In the 1950s and 1960s, in the context of an emerging ‘new’ philosophy of science and especially through the works of Thomas S. Kuhn and some of his contemporaries, a first crevasse to this analytic and formalist conception of models opened. A scientific model began to be portrayed as a paradigmatic³ example of a theory, serving as a theoretical epitome worthy of imitation for problem solving during ‘normal science.’

A model à la Kuhn can be seen as a particular socio-historical achievement of a scientific community, outside scientists’ heads, contained –in a very stylized version– in disciplinary textbooks, and embodying operative rules to be followed (Nickles, 2003). This idea of model, which stresses its analogical nature, was extremely influential until the 1980s.

Finally, in the last quarter of the twentieth century, a semantic conception of scientific theories (which had noteworthy antecedents from the early 1950s, see Suppe, 1977) gained momentum, rapidly shifting the interest from form to content, from structure to meaning.

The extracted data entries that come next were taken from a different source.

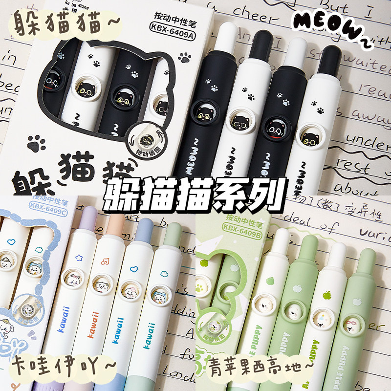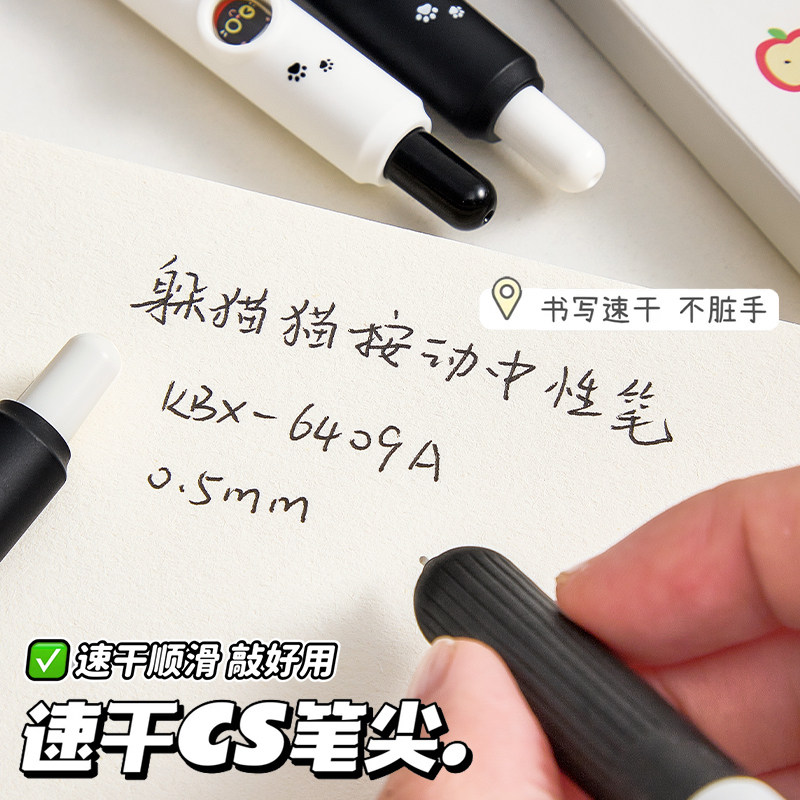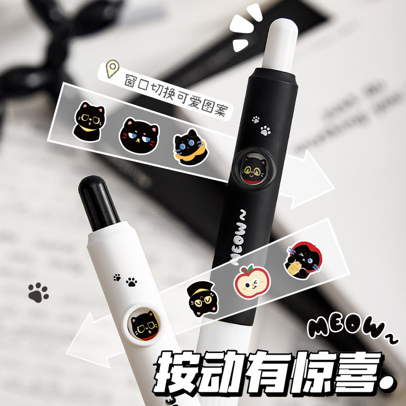 可爱小猫趣味按动中性笔会变脸的笔ins风创意刷题笔小学生CS头黑色口袋笔简约速干顺滑表情笔初中生考试专用
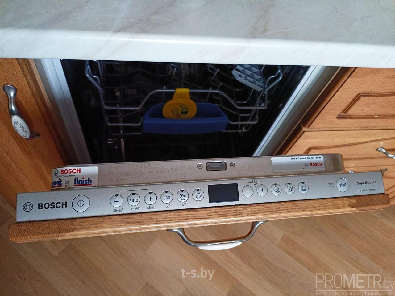 Встроенная кухня - массив дуба с бытовой техникой Bosch: варочная панель, духовой шкаф, посудомоечная машина, вытяжка.
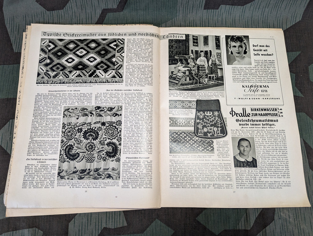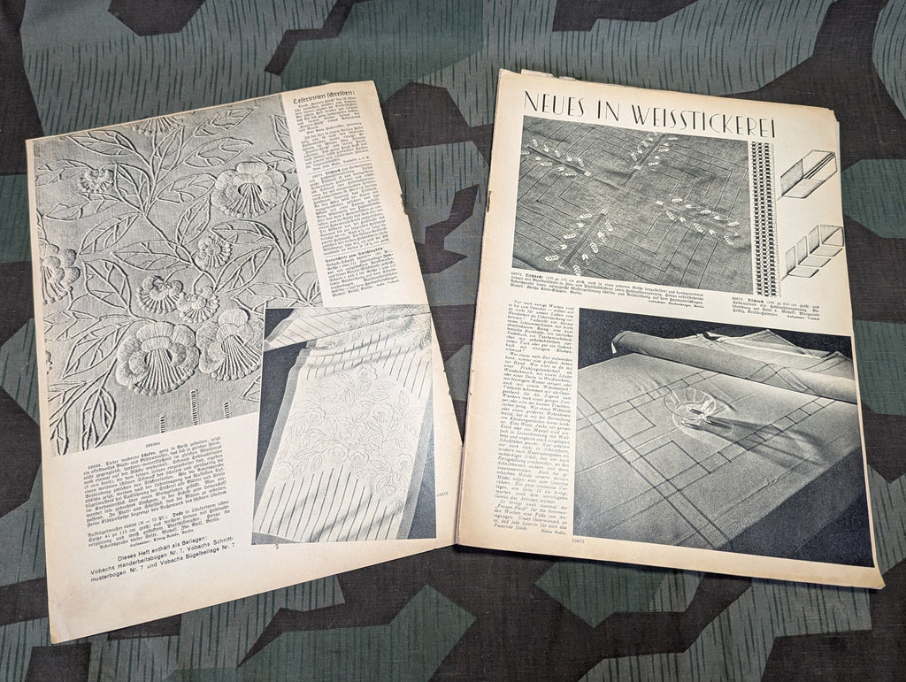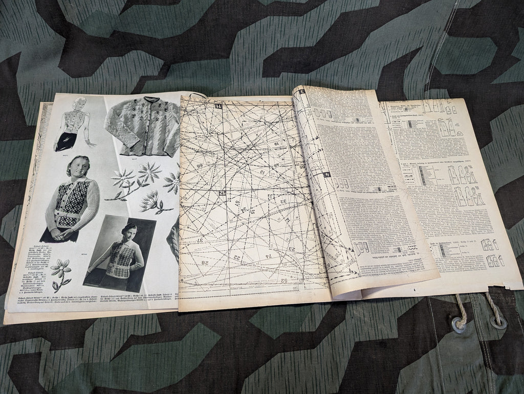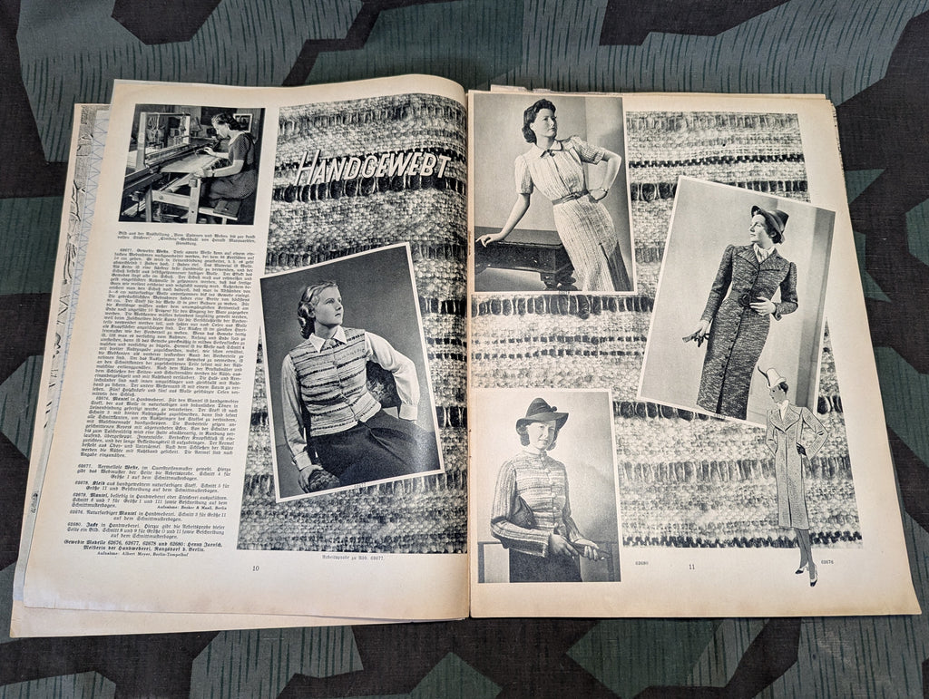 Original Frauen Fleiss women's knitting and hand work magazine with patterns. 1938/1939 The cover is split directly down the spine at the staple line and is loose but at least it is all there. Very interesting sweaters.

Within this new theoretical framework, a scientific model began to be identified with an intended example of a theory (i.e., a phenomenon that the theory itself was purposefully conceived to account for). This idea that all models are “models-for” is fundamental to the conception of modeling competence presented in this book.

Such a semantic characterization of models purported to offer a ‘third way’ between the received view and the new philosophy of science, explicitly welding together the Kuhnian reconstruction of models as exemplar cases with the conservative analytical requirement that they can all be represented in (semi)formal ways, formulating them as generally and as abstractly as possible.⁴ This ‘hybrid’ semantic view of models was soon shown to be “the only serious contender to emerge as a replacement for the received view analysis of theories” (Suppe, 1977, p. 709) and eventually became the most widely held view among philosophers of science, at least in the communities of strong Anglo-Saxon influence (Frigg, 2006; Suppe, 1989). It is the contention of the author of this chapter that a semantic approach to models is the most useful for the idea of modeling competence.

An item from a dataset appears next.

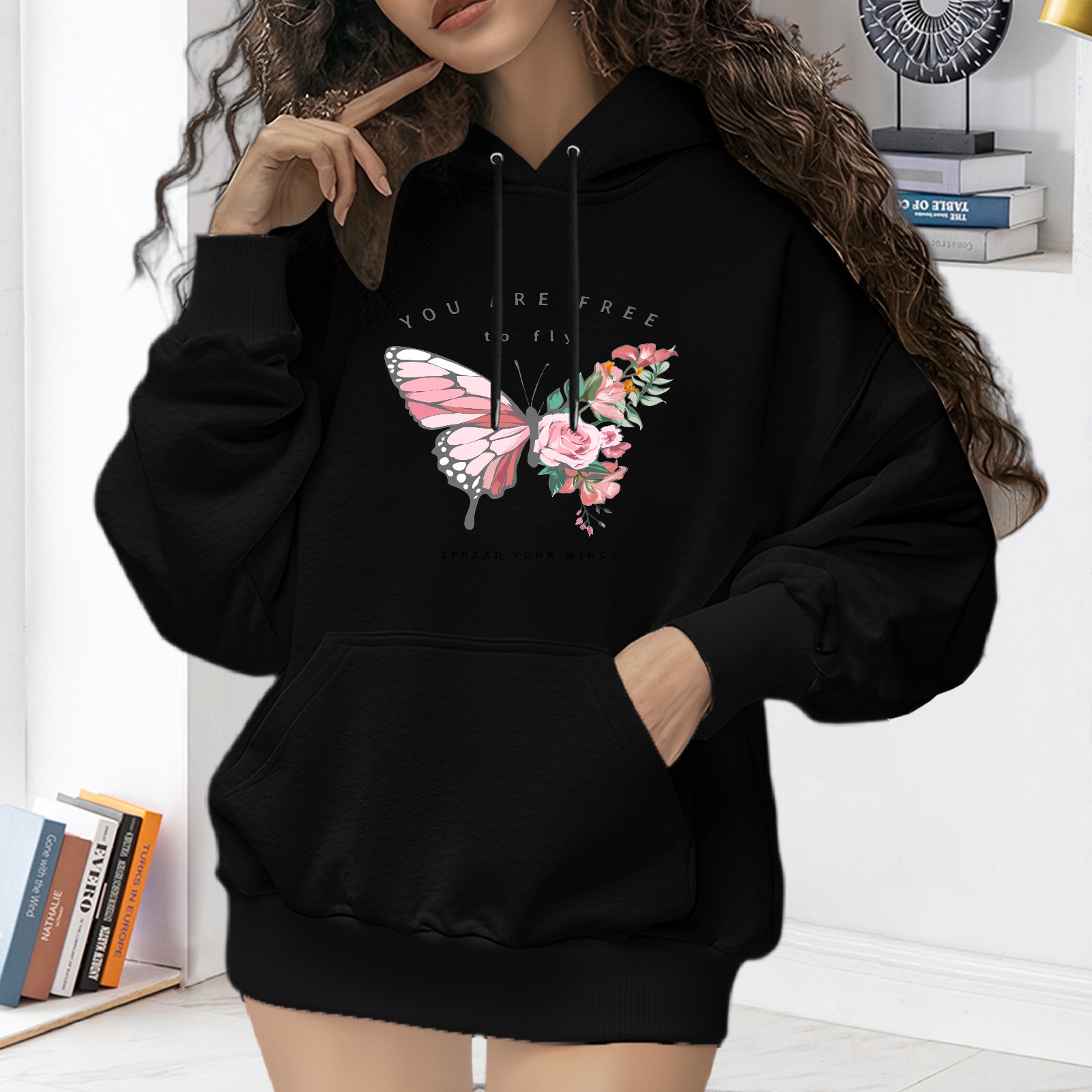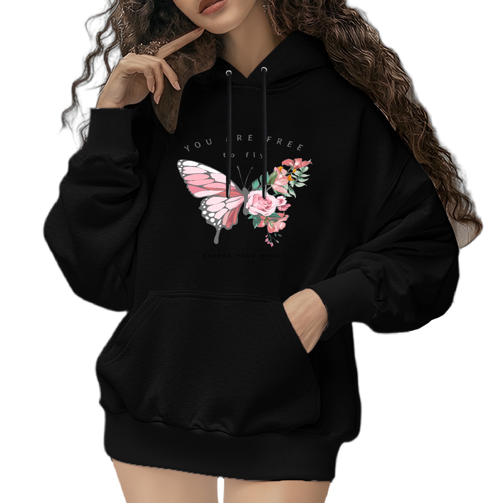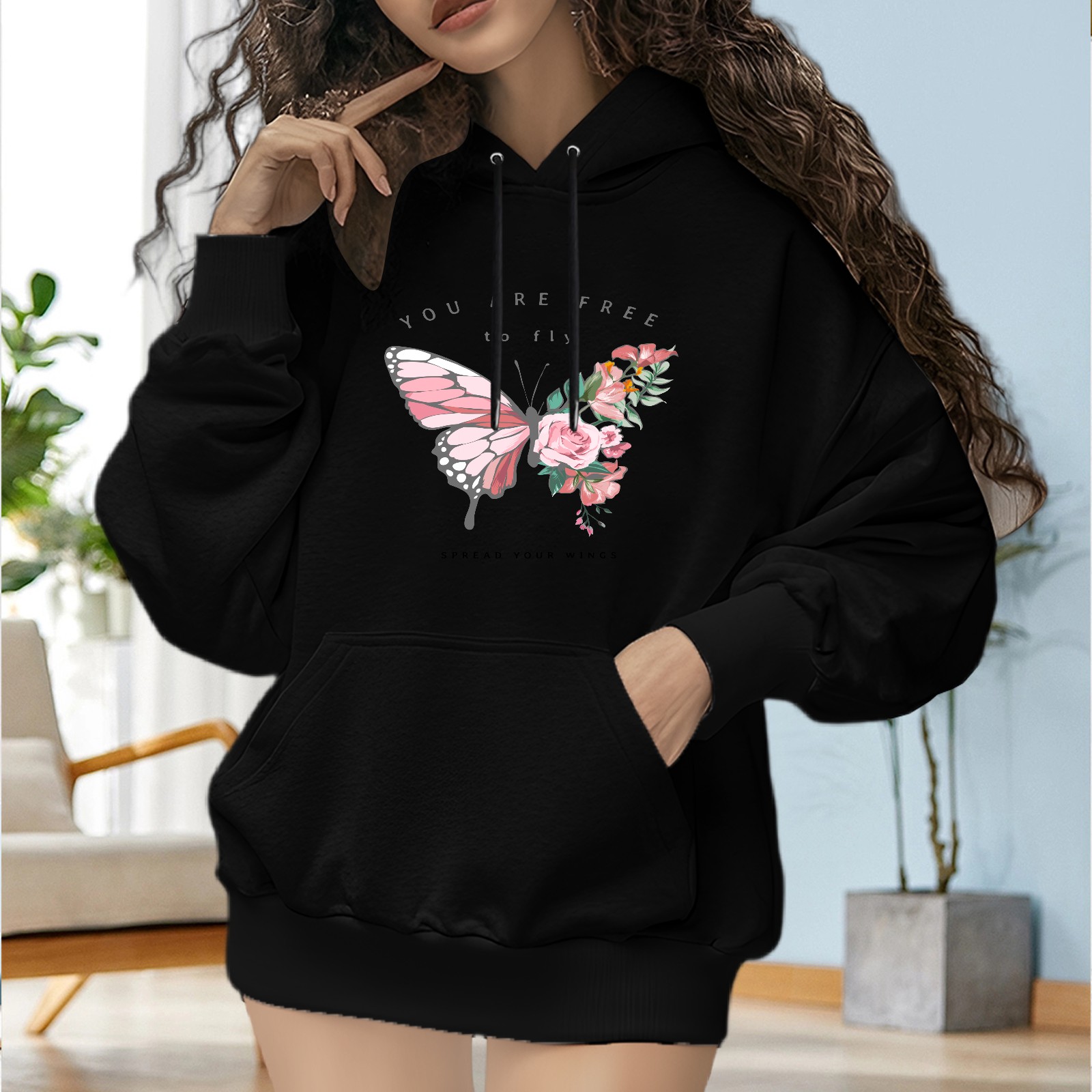 Trendy You Are Free To Fly Printed Women's Hooded Sweatshirt, Loose And Stylish Long Sleeved Top, Is The Perfect Gift For Valentine's Day, Suitable For Daily Outdoor Wear
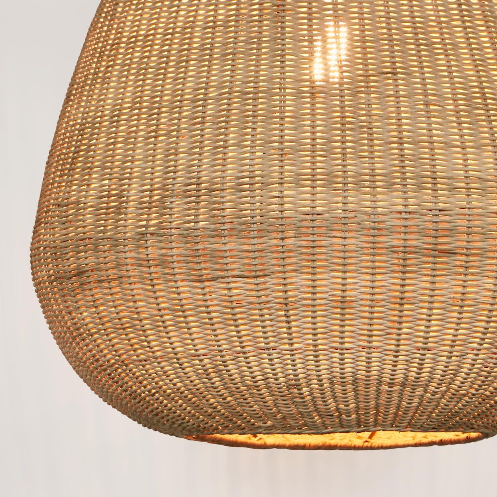 Coco Rattan Pendant crafted from Rattan, offering a natural, warm ambiance. This piece is ideal for cozy dining spaces or living rooms. Please note: Rattan is not designed for full outdoor use. If placed outdoors or even in covered outdoor areas, it may weather, fade, or change over time due to exposure to sunlight and moisture. We recommend indoor use or placing it in well-protected areas.

4 Semantic Views of Models in the Late Twentieth Century

From this point on, the umbrella title of ‘semantic views of models’ is used to encompass a large number of relatively recent characterizations of the concept of ‘scientific model’ proposed by a range of philosophers that can be situated in what has come to be called the semantic conception of scientific theories, by opposition to the hegemonic syntactic conception (cf. Portides, 2005). Semantic views in a broad sense have existed since the 1950s (with the early structuralism of Patrick Suppes and even previous meta-models influenced by the Polish logician Alfred Tarski); in a strict sense, the term refers to the well-known ‘model-based views’ on science that hail from the 1980s and 1990s.

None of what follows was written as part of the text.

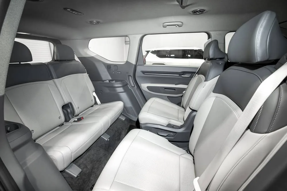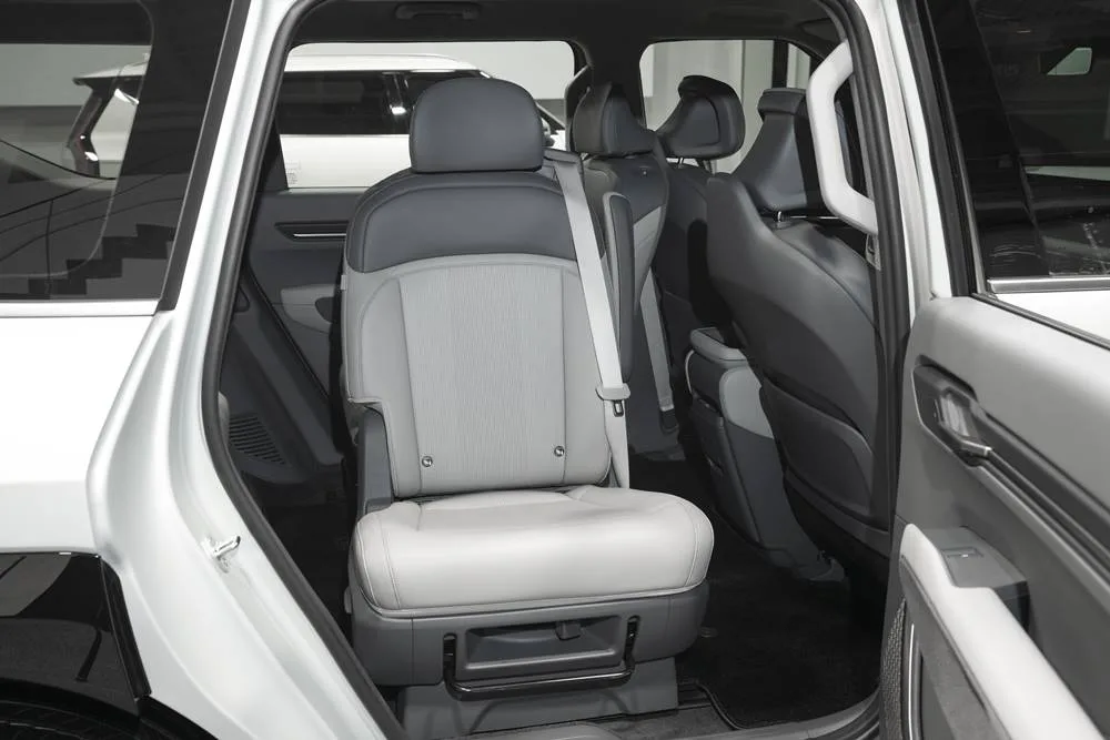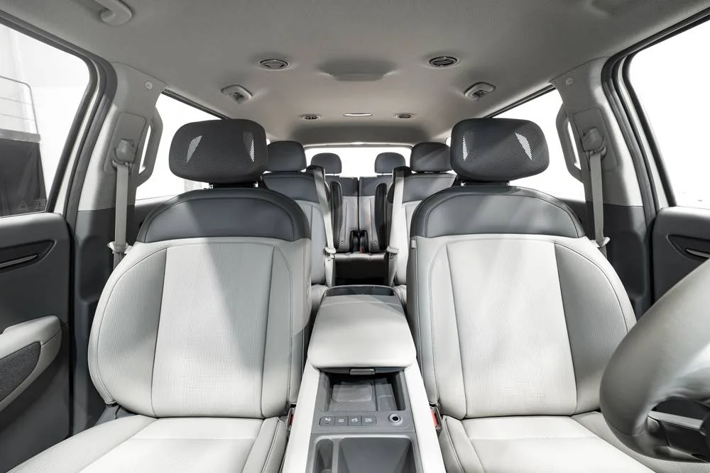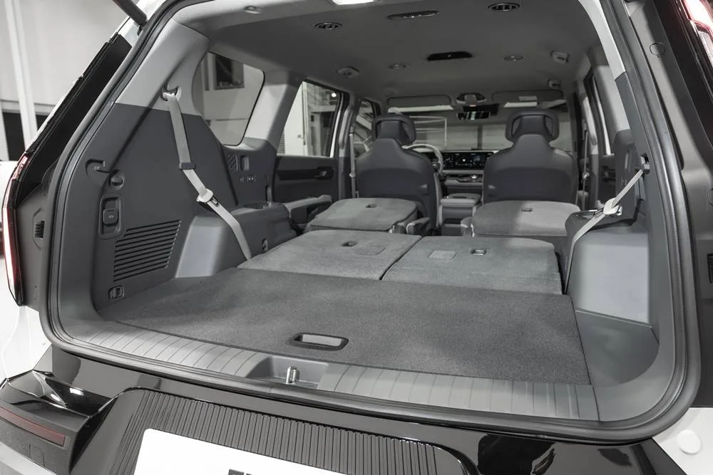 Flush door handles are as seen in EV6, with the massive flat roof floating above a waist that kinks up at the back, something that has become a KIA trademark. The 3-row interior has been wrapped by architecture rather than car design.

The following three objectives will be pursued: a. to ascertain some common traits shared by the diverse semantic views of models, especially the most recent ones, b. to make a few distinctions between the theoretical frameworks of the best-known semanticist philosophers of science of the last quarter of the twentieth century: Ronald Giere, Frederick Suppe, and Bas van Fraassen, and c. to briefly point toward the existence of conceptualizations of models that can be considered semantic (or post-semantic) but are cited much less often in the science education literature (e.g. proposals by Roman Frigg, Margaret Morrison, Michael Weisberg).

The lists of commonalities and differences between the semantic views that are presented here have emerged from previous work of elucidation and argumentation and from literature reviews (cf. Adúriz-Bravo, 2013; Ariza, Lorenzano, & Adúriz-Bravo, 2016); such work has been based on different sources: textbooks of philosophy of science written by authors with a ‘bias’ toward semanticism (e.g. Díez & Moulines, 1997; Rosenberg, 2000), reviews of the emergence of the semantic view (e.g. Díez & Lorenzano, 2002; Sal, 2013), general overviews of the field of model studies in academic books by semanticists (e.g. Giere, 1988; Weisberg, 2013), and ‘transpositions’ of the semantic approach made by researchers in science education (e.g. Izquierdo-Aymerich, 2000; Passmore, Gouvea, & Giere, 2014).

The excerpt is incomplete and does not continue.